For the most part, bushfires are associated with the country, which is in turn associated with conservative politics. This is a fact reflected in the hard climate skepticism of a number of those who represent the most heavily impacted areas.
Much of Energy Minister Angus Taylor’s electorate of Hume has been blackened by the Green Wattle Creek bushfire, which blazed for two months. Several lives have been lost in New England, which local member Barnaby Joyce blamed on meddling by the Greens.
However, the burnt-out areas include a number of notable exceptions to the rule: the hinterland of Canberra, which lies within that city’s progressive orbit; the traditionally Labor-voting constituency of the Blue Mountains; and the sea-changer and tourist towns of the NSW South Coast.
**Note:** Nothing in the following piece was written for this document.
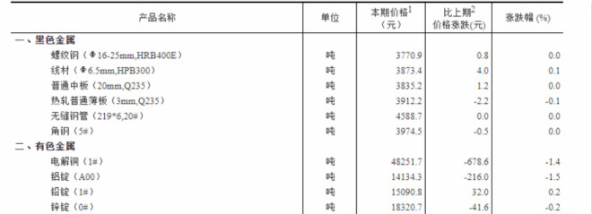 統計局:2020年1月下旬有色金屬小幅下跌 黑色金屬基本穩定

When combined with surrounding conservative rural territory, these areas form some of the classic litmus-test seats of Australian politics.
The Blue Mountains is accommodated by Macquarie, which emerged from last year’s election as the most marginal seat in the country after Labor’s Susan Templeman held on by 371 votes.
In the south of the state, some of the most vivid images of the crisis emerged from Batemans Bay in the seat of Gilmore — where voters thwarted Warren Mundine’s bid for parliament by returning a Labor member for the first time since 1996.
But perhaps the most intriguing case is the former bellwether seat of Eden-Monaro. This seat went the way of the winning party at 17 successive elections from 1972 to 2013, before Mike Kelly scored narrow wins for Labor against the grain in 2016 and 2019.
Eden-Monaro encompasses the Labor-voting Canberra satellite town of Queanbeyan, the rural Monaro region, much of the South Coast, and the fire-ravaged town of Cobargo (where Scott Morrison was famously given short shrift by locals after his return from Hawaii).
The political temperature in Eden-Monaro may be of immediate significance, as there were rumours — which Kelly said were untrue — in October that Kelly was about to quit politics after the disappointments of the election defeat and his failure to win a coveted promotion.
What’s more, it was said that tough-talking state Nationals leader John Barilaro, who holds the corresponding state seat of Monaro, was so confident of his standing that he planned to win the ensuing by-election for his party and then depose its tottering leader, Michael McCormack.
Tellingly, this notion is no longer featuring in assessments of what might happen if McCormack goes under, as seems increasingly likely.
While each of these seats is held by Labor, any or all of them could prove decisive at the next election if the Coalition can’t repeat the more exceptional of its victories in Queensland and Tasmania.
As such, there is a lot at stake in the culture war over responsibility for the fires and the distinctive ways it is playing out in urban and regional Australia.
Certainly it’s clear that concern about climate change has reached a new pitch, with the latest monthly Ipsos Issues Monitor survey finding the environment to be the top-ranked issue for the first time since the series began in 2010.
However, previously unpublished breakdowns from last fortnight’s Essential Research poll show a higher rate of climate skepticism in regional areas; 35% of respondents said the bushfires were unlikely to be linked to climate change, compared with 22% in the capital cities.
While this still left a majority acknowledging a link, regional respondents were even more emphatically of the view that “environmentalists have made this year’s bushfires much worse by preventing hazard reduction burns”. Seventy-five percent expressed agreement with this proposition, including 53% who strongly agreed.
These findings point to the ingrained cultural hostility environmental politics faces in much of regional Australia. The biggest electoral impact of the fires may yet be felt in the smoke-choked cities rather than the areas most directly affected.